# Independence of residuals in a computer-based experiment/simulation?

I conducted a computer-based assessment of different methods of fitting a particular type of model used in the palaeo sciences. I had a large-ish training set and so I randomly (stratified random sampling) set aside a test set. I fitted $m$ different methods to the training set samples and using the $m$ resulting models I predicted the response for the test set samples and computed a RMSEP over the samples in the test set. This is a single run.

I then repeated this process a large number of times, each time I chose a different training set by randomly sampling a new test set.

Having done this I want to investigate if any of the $m$ methods has better or worse RMSEP performance. I also would like to do multiple comparisons of the pair-wise methods.
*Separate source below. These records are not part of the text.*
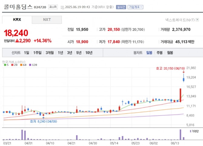 이미지 확대보기19일 한국거래소에 따르면 오전 9시 43분 현재 콜마홀딩스는 전날에 비해 14.36% 오른 1만8240원에 거래되고 있다. 콜마홀딩스는 전날 29.46% 오르며 상한가를 기록한 바 있다.
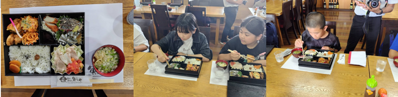 中学生は、8月に行われる弁当の日に向けて、どのようなことに気を付けて作ったら良いのか考えました。①栄養のバランスを考えること、②いろいろな調理法・味付け、③5色の食材を使って彩り良くという3つのポイントについて理解し、実際にメニューを考えました。
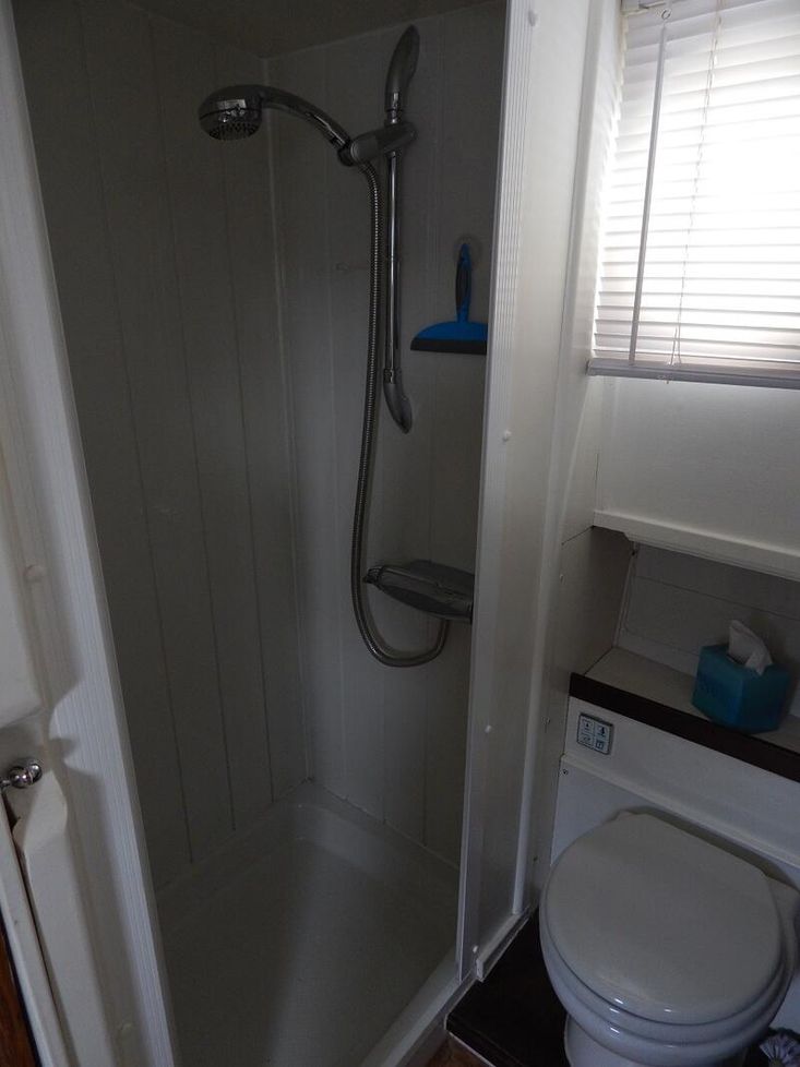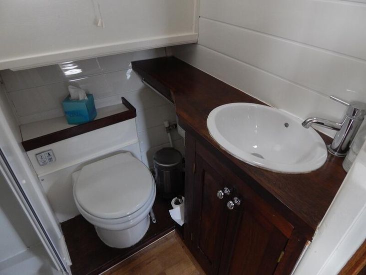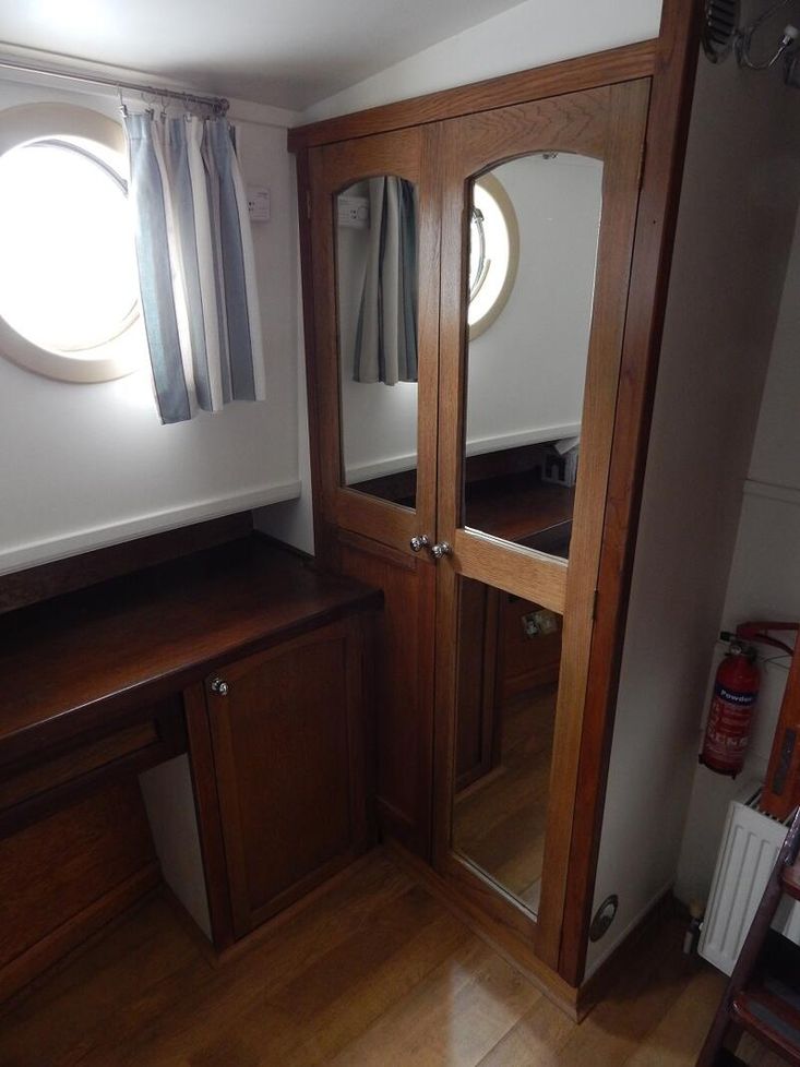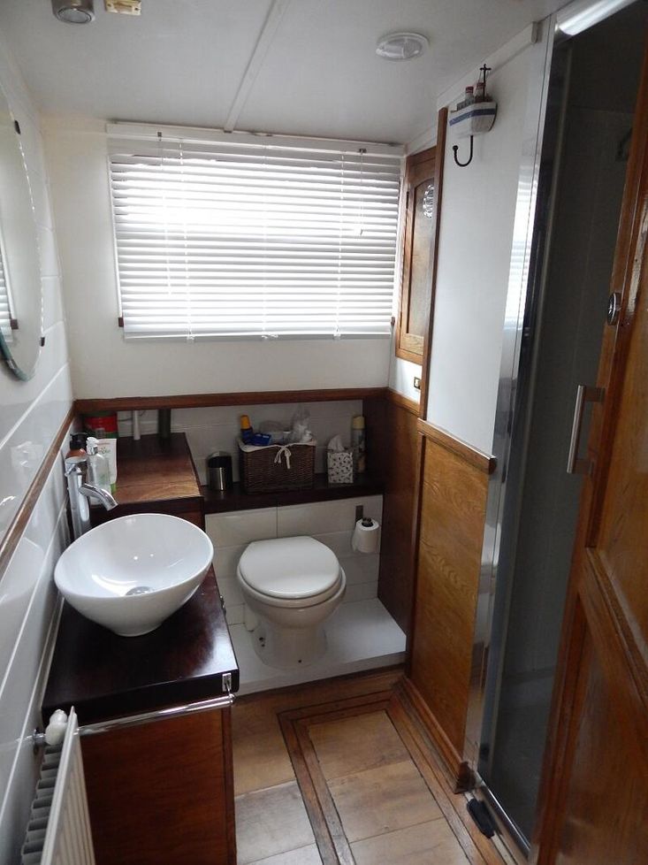 Access from the wheelhouse sternwards leads to a light and airy 'owners' cabin comprising king-sized bed athwartships with drawers, shelves, lockers and access to the weed hatch below. There is also a large full height hanging locker with mirrors on the doors, shelf/dressing table with drawer and locker below, a skylight/escape hatch leading to the aft deck, and an ensuite head consisting shower, electric flush toilet to holding tank, basin with cupboard below, and electric extractor fan. Grey water drains to a holding tank beneath which automatically pumps overside.
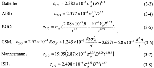 在雙曲線法的基礎(chǔ)上,結(jié)合大量的實(shí)驗(yàn)結(jié)果對止裂韌性進(jìn)行標(biāo)定,世界各大研究機(jī)構(gòu)分別給出了簡便易算的經(jīng)驗(yàn)公式用以估算臨界止裂韌性,列舉如下:
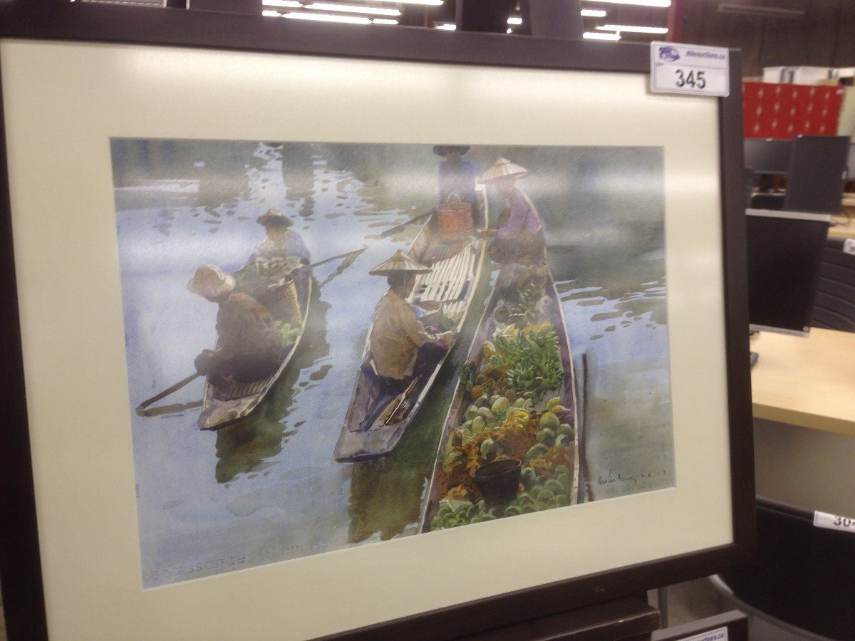 "THE RIVER MARKET" FRAMED WATERCOLOUR

My approach has been to fit a linear mixed effects (LME) model, with a single random effect for Run. I used lmer() from the lme4 package to fit my model and functions from the multcomp package to perform the multiple comparisons. My model was essentially

lmer(RMSEP ~ method + (1 | Run), data = FOO)


where method is a factor indicating which method was used to generate the model predictions for the test set and Run is an indicator for each particular Run of my “experiment”.

My question is in regard to the residuals of the LME. Given the single random effect for Run I am assuming that the RMSEP values for that run are correlated to some degree but are uncorrelated between runs, on the basis of the induced correlation the random effect affords.

Is this assumption of independence between runs valid? If not is there a way to account for this in the LME model or should I be looking to employ another type of statical analysis to answer my question?